## DESCRIPTION OF THE TASK:
Would you write out the full listing exactly, without any pictures?

## PROVIDED MATERIAL:
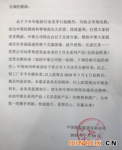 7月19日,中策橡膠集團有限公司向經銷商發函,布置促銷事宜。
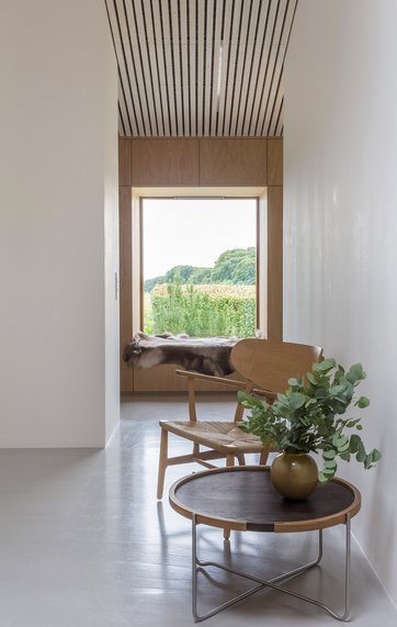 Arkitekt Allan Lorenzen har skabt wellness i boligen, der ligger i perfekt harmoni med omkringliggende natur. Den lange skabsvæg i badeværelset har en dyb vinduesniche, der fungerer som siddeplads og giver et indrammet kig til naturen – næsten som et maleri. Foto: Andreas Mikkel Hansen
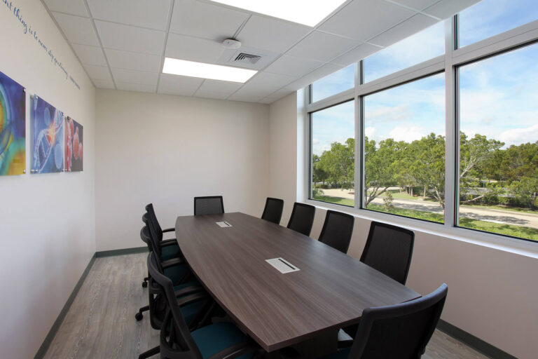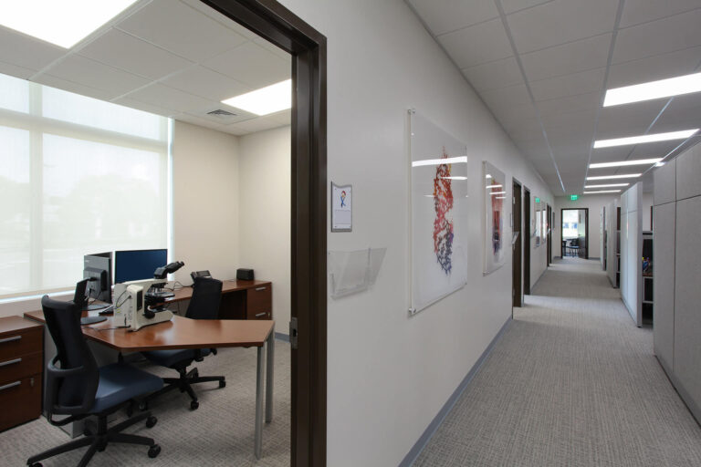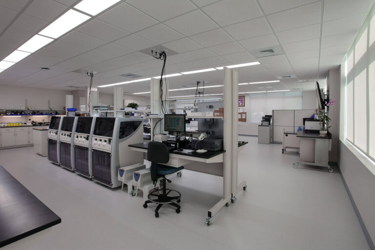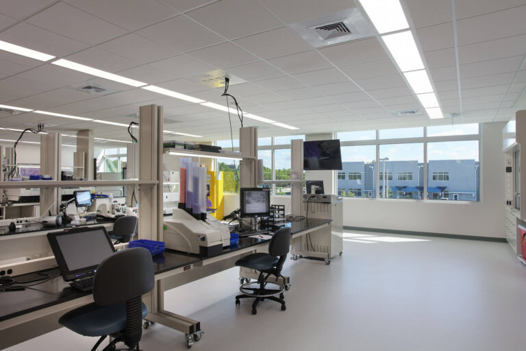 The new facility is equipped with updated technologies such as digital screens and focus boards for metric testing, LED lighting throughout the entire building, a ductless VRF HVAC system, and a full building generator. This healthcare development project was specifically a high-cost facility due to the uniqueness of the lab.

## SOLUTION BELOW:
 7月19日,中策橡膠集團有限公司向經銷商發函,布置促銷事宜。
 Arkitekt Allan Lorenzen har skabt wellness i boligen, der ligger i perfekt harmoni med omkringliggende natur. Den lange skabsvæg i badeværelset har en dyb vinduesniche, der fungerer som siddeplads og giver et indrammet kig til naturen – næsten som et maleri. Foto: Andreas Mikkel Hansen
 The new facility is equipped with updated technologies such as digital screens and focus boards for metric testing, LED lighting throughout the entire building, a ductless VRF HVAC system, and a full building generator. This healthcare development project was specifically a high-cost facility due to the uniqueness of the lab.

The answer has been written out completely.